> Activity: Transcribe the listing exactly; drop the images.

> Supplied data:
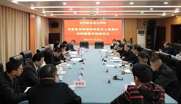 11月19日下午,安慶市市委宣傳部副部長查文平,市融媒體中心黨委委員、副主任陳慶玲以及安徽日報、安徽廣播電視臺、安徽經濟報、安徽法制報、市場星報、安徽商報、皖江晚報、中安在線安慶頻道等省市9家主流媒體和中國網,走進安慶職業技術學院校園看發展,并進行座談。校黨委書記童宏葵出席座談會并作了熱情洋溢的講話,對學校與媒體進一步加強溝通交流提出要求。校黨委委員、宣傳部長潘發生主持座談會。
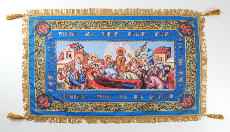 Плащаница выносная изготовлена из габардина, путем сублимационной печати по ткани.
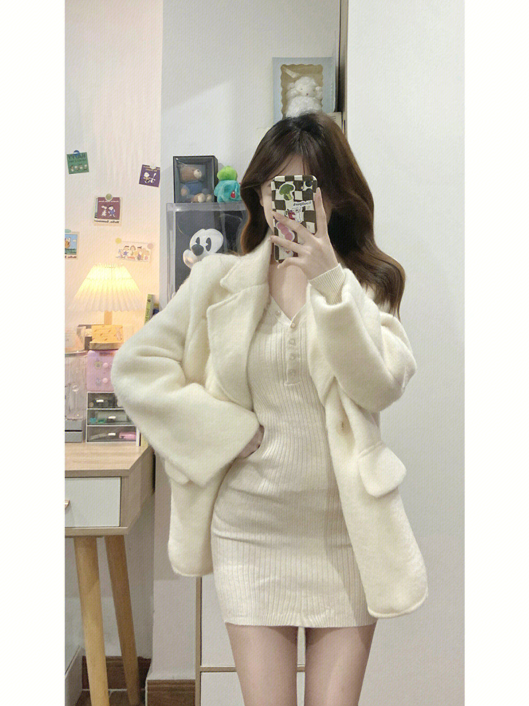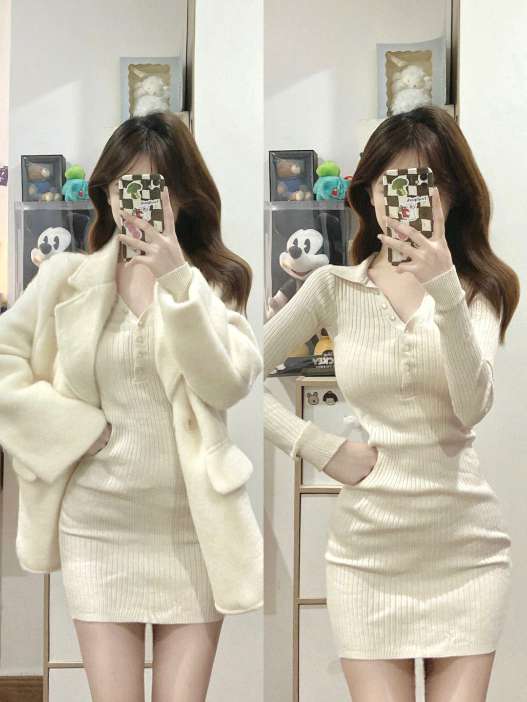白色polo领针织连衣裙女春季纯欲风辣妹修身显瘦长袖内搭打底短裙
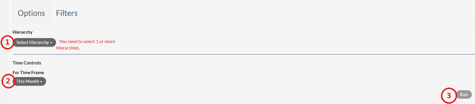 1. Hierarchy Selection - n this drop-down you may select the attribute(s) that are to be on the report.

> Answer box:
 11月19日下午,安慶市市委宣傳部副部長查文平,市融媒體中心黨委委員、副主任陳慶玲以及安徽日報、安徽廣播電視臺、安徽經濟報、安徽法制報、市場星報、安徽商報、皖江晚報、中安在線安慶頻道等省市9家主流媒體和中國網,走進安慶職業技術學院校園看發展,并進行座談。校黨委書記童宏葵出席座談會并作了熱情洋溢的講話,對學校與媒體進一步加強溝通交流提出要求。校黨委委員、宣傳部長潘發生主持座談會。
 Плащаница выносная изготовлена из габардина, путем сублимационной печати по ткани.
白色polo领针织连衣裙女春季纯欲风辣妹修身显瘦长袖内搭打底短裙
 1. Hierarchy Selection - n this drop-down you may select the attribute(s) that are to be on the report.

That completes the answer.